[Data excerpts Boundary: Start]
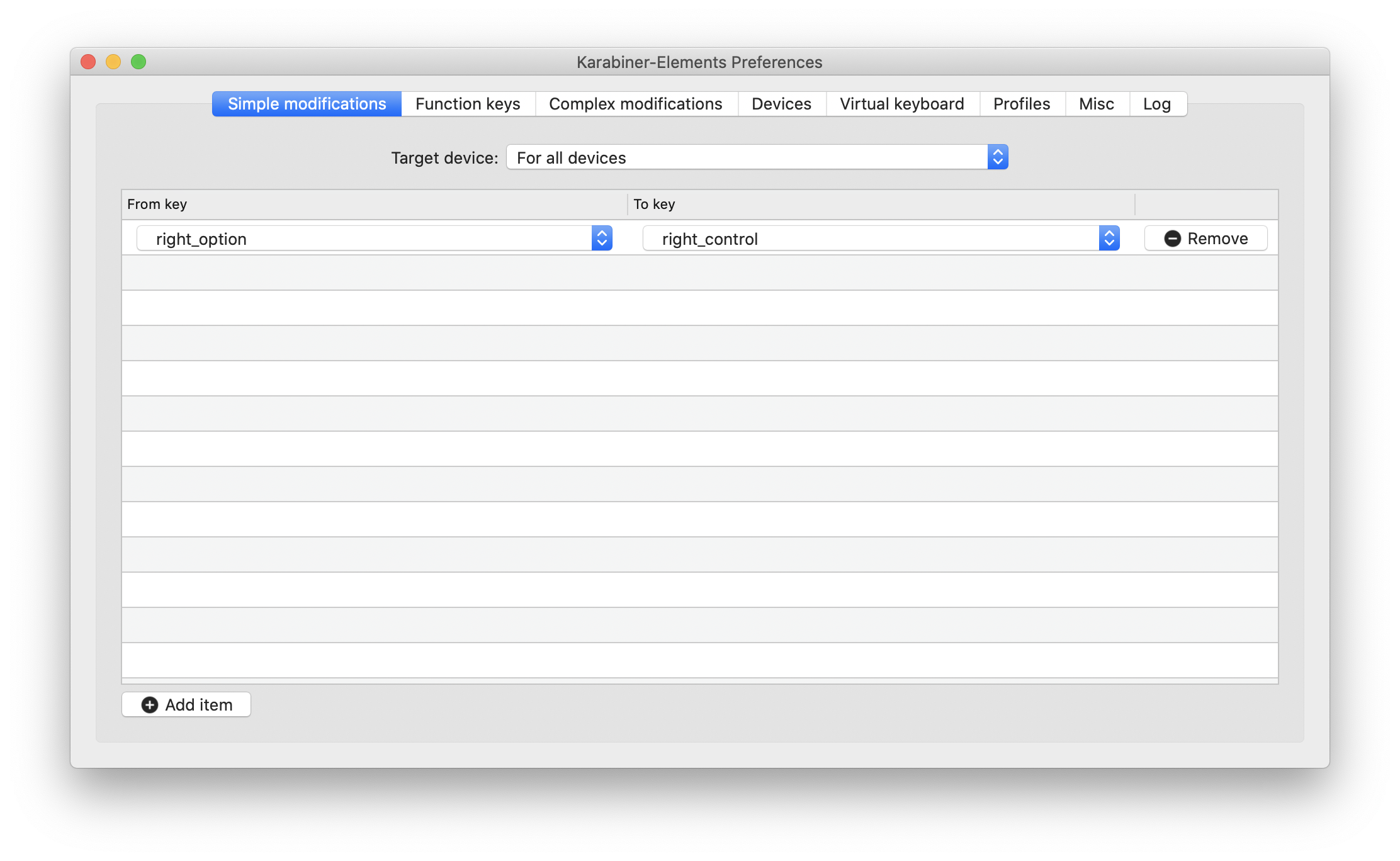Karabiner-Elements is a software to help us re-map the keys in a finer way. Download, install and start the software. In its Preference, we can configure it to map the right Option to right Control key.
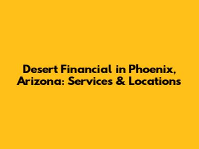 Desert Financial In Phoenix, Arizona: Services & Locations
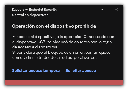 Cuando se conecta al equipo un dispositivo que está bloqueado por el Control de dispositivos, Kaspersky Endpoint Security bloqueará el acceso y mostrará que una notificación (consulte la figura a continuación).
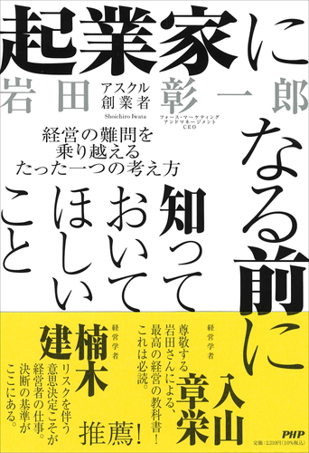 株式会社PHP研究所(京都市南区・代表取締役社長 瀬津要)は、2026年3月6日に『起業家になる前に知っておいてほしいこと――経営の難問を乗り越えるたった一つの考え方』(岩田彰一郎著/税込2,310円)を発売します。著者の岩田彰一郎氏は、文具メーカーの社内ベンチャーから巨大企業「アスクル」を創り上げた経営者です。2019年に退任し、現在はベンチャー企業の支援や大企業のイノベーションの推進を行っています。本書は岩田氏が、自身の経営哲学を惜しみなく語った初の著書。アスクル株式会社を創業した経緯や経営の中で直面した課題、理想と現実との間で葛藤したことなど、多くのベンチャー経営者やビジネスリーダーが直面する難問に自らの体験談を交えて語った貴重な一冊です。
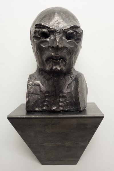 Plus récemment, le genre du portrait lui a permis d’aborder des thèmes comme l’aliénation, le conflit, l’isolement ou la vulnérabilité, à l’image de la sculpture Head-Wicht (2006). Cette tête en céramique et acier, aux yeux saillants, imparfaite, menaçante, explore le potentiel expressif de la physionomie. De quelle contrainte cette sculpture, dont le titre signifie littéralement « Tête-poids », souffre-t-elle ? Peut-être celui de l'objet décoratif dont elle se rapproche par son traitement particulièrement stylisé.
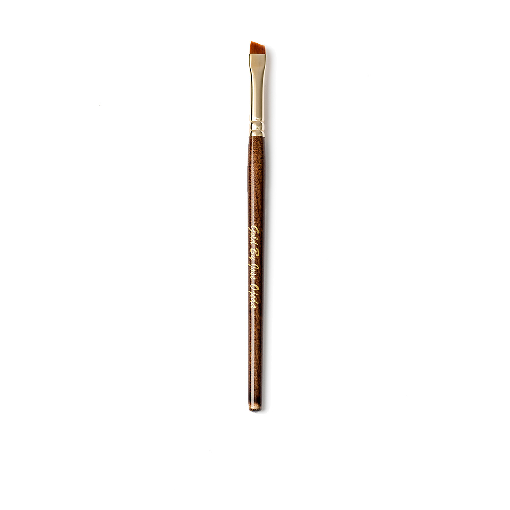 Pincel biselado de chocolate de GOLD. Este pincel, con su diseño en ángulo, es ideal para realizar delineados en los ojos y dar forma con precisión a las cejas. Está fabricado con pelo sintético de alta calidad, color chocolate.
[Data excerpts Boundary: End]
[Data excerpts Boundary: Start]
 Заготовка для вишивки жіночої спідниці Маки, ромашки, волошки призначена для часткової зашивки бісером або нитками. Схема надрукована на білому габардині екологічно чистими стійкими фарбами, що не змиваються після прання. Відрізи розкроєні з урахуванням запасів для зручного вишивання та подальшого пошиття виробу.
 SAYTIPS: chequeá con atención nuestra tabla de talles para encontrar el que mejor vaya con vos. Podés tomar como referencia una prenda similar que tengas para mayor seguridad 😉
[Data excerpts Boundary: End]
◆ Task item: Using the material above, transcribe exactly the lines from the one holding "Plus récemment, le" to the one holding "Pincel biselado de", both ends kept. Do not carry over any pictures.

◆ Reply:
 Plus récemment, le genre du portrait lui a permis d’aborder des thèmes comme l’aliénation, le conflit, l’isolement ou la vulnérabilité, à l’image de la sculpture Head-Wicht (2006). Cette tête en céramique et acier, aux yeux saillants, imparfaite, menaçante, explore le potentiel expressif de la physionomie. De quelle contrainte cette sculpture, dont le titre signifie littéralement « Tête-poids », souffre-t-elle ? Peut-être celui de l'objet décoratif dont elle se rapproche par son traitement particulièrement stylisé.
 Pincel biselado de chocolate de GOLD. Este pincel, con su diseño en ángulo, es ideal para realizar delineados en los ojos y dar forma con precisión a las cejas. Está fabricado con pelo sintético de alta calidad, color chocolate.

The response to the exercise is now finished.